L’amour représente un engagement spirituel profond qui exige, au-delà des fluctuations émotionnelles et des défis du quotidien, de faire le choix conscient de nourrir quatre valeurs essentielles au sein de son couple et de sa famille : l’amour, la miséricorde, la joie et le contentement.
L’amour véritable : se décentrer de soi-même

L’amour authentique (al-hubb, al mawaddah) se manifeste par la volonté et l’action d’apporter tendresse, joie et bonheur à son partenaire. Cette démarche nécessite de sortir de soi-même, de mettre de côté ses propres désirs, besoins et craintes.
Trop souvent, nous sommes absorbés par nos propres attentes et aspirations au point que l’autre n’existe qu’en fonction de leur satisfaction. L’amour véritable nous libère de toute forme d’égocentrisme et nous propulse vers quelque chose de plus grand : vers notre partenaire, notre famille, notre communauté, et vers Dieu.
La miséricorde : soulager la souffrance de l’autre

La miséricorde (al-rahmah) constitue la volonté et l’action de soulager les souffrances et d’alléger les épreuves de son partenaire. Elle représente cette force qui nous pousse à agir au service de l’autre, semblable à l’amour d’une mère envers son enfant.
La joie et le contentement : la gratitude en toutes circonstances

La joie et le contentement représentent la volonté et l’action de se réjouir de ce que nous possédons, ou de partager le bonheur de l’autre, même lorsque nous-mêmes sommes dans une situation moins favorable.
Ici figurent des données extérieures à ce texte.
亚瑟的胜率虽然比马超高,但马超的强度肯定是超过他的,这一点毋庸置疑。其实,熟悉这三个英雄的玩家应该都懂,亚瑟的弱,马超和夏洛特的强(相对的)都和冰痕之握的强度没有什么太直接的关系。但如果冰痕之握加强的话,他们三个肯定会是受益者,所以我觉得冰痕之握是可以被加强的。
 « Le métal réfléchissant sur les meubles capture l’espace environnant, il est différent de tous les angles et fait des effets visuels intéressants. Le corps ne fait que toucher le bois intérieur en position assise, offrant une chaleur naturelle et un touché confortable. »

C’est partager mutuellement les sources de joie et exprimer la gratitude : al-hamdulillah (Louange à Dieu) en toute situation.
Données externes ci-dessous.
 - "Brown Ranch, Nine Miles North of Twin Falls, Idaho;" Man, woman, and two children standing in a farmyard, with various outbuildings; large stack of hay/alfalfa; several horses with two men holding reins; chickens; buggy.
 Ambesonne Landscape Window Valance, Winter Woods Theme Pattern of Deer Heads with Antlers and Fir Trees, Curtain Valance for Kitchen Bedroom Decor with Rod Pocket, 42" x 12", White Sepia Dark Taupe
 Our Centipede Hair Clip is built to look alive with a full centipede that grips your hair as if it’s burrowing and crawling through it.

Concrètement, cela signifie accepter le détachement, renoncer à vouloir constamment posséder, gagner ou avoir raison. La joie et le contentement priment sur la possession. Ces valeurs permettent de préserver l’amour malgré les désaccords, offrant la capacité de pardonner et de surmonter les épreuves.
En cultivant ces quatre valeurs directrices, chaque personne peut s’élever spirituellement et refléter les attributs divins.
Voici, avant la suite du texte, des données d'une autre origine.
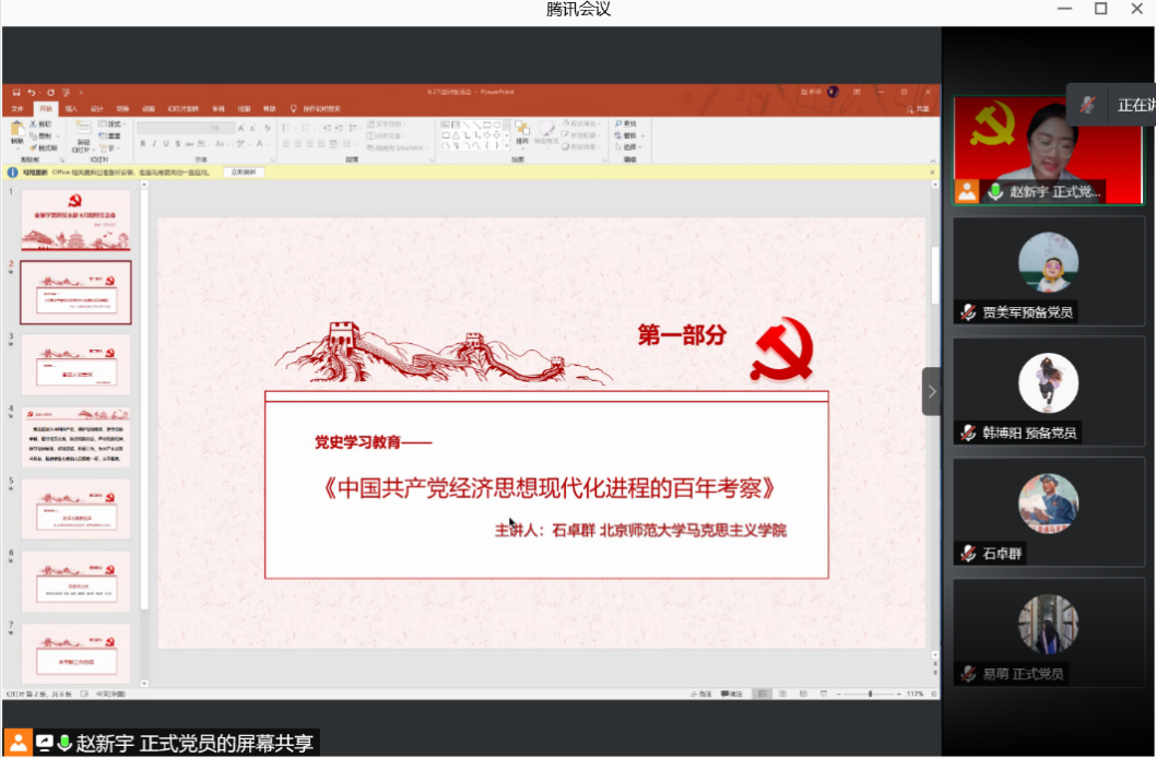 首先,支部邀请马克思主义学院硕士生石卓群同志讲授主题党课《中国共产党经济思想现代化进程的百年考察》。石卓群同志以重大思想决策的论争为主线,用极具代表性的事件作为例子,详细地介绍了中国共产党经济思想现代化的发展过程。此次党课,将经济学专业理论实践与支部党课学习紧密结合,既加深了同志们对党史的认识和理解,也增强了同志们的专业素养。
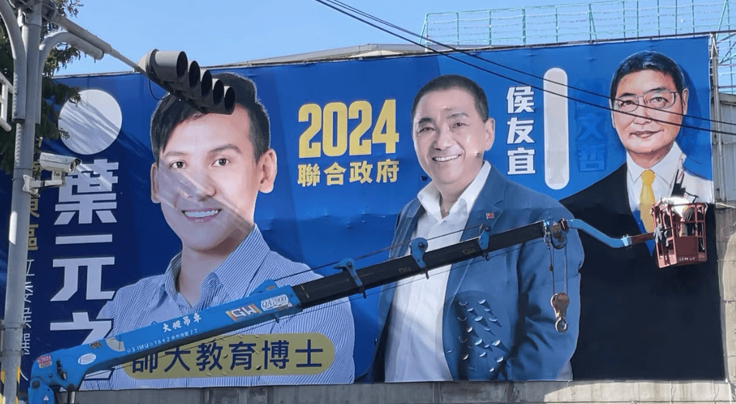 葉元之在本月15日藍白會談後,早早掛上印有「2024聯合政府」字樣的看板,上頭還有他及侯友宜、柯文哲三人同框的競選照,未料藍白合狀況急轉直下,最終登記參選日確定各自選,侯友宜找來中廣董事長趙少康當副手,柯文哲則是找黨內不分區立委、新光大公主吳欣盈搭擋。
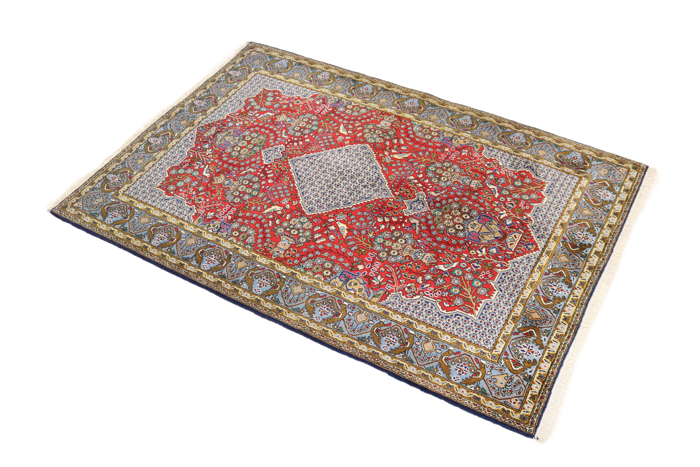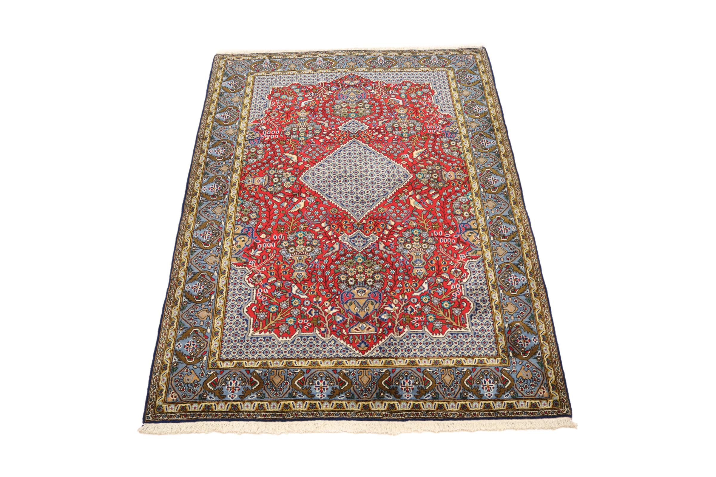 Dette tæppe kommer fra Iran (tidligere Persien) og er sandsynligvis det højeste ry blandt alle håndknyttede tæpper som persisk tæppe. Ingen region ser tilbage på en sammenlignelig lang tradition inden for vævning af tæpper end Iran. Sådan kommer de fineste og mest detaljerede tæpper her. Den persiske knudees robusthed, holdbarhed og kvalitet er uovertruffen i dag. Persiske tæpper er normalt opkaldt efter din oprindelsesregion. Så både et Nain, et Ghom og et Isfahan-tæppe kommer fra byen med samme navn i Iran.

De l’attraction à l’amour pour Dieu : les niveaux de l’amour

Il existe une différence fondamentale entre désirer, ressentir un sentiment amoureux, aimer, et finalement aimer pour Dieu.
Lorsqu’on désire une rose (qu’elle symbolise une femme ou un homme), on l’arrache du sol pour la posséder. Lorsqu’on éprouve un sentiment amoureux, on l’arrose quotidiennement, mais temporairement. En revanche, quand on aime véritablement, on l’arrose constamment, dans la durée, chaque fois qu’elle en a besoin, en prenant soin d’elle.
Mais lorsqu’on aime une rose pour Dieu, on prend soin non seulement d’elle, mais également du jardin et de l’écosystème entier dans lequel elle s’épanouit : les autres plantes, les arbres, les insectes, l’eau, l’air… Car on comprend que si le jardin ou l’écosystème souffre, la rose souffrira également.
Aimer pour Dieu : se mettre au service de plus grand que soi
Aimer pour Dieu signifie se mettre au service de quelque chose qui dépasse soi-même et son couple : au service de sa famille élargie et de sa communauté. Aimer son épouse pour Dieu, c’est s’élever spirituellement pour apprendre à voir comme Il voit, à aimer ce qu’Il aime, à agir comme Il agit.
Aimer pour Dieu, c’est chercher à plaire au Créateur en toute chose, être un refuge pour son épouse, même lorsque le désir ou les sentiments s’affaiblissent, même quand la routine menace le couple. On atteint cette dimension intérieure lorsqu’on devient un refuge pour son partenaire, un vêtement protecteur et une aile bienveillante, indépendamment de son état émotionnel du moment.
Plus une personne s’efforce d’agir pour Dieu et de Lui plaire, plus son cœur, son regard et ses actions se transforment et s’ennoblissent jusqu’à refléter les attributs divins.
Comme l’affirme le hadith qudsi : « Dieu le Très-Haut a dit : Parmi tous les moyens employés par Mon serviteur pour se rapprocher de Moi, rien ne M’est plus agréable que l’accomplissement de ses devoirs. Mon serviteur ne cesse de se rapprocher de Moi par des œuvres pieuses jusqu’à ce que Je l’aime. Une fois que Je l’ai aimé, Je deviens son ouïe avec laquelle il entend, sa vue avec laquelle il voit, sa main avec laquelle il combat et son pied avec lequel il marche. S’il Me demande alors quelque chose Je la lui donne et, s’il se met sous Ma protection, Je la lui accorde. »
Aimer au nom de Dieu, aimer pour Dieu, c’est refuser perpétuellement d’être prisonnier de ses limites, de sa frustration, de sa colère, de son désespoir et de son désordre intérieur.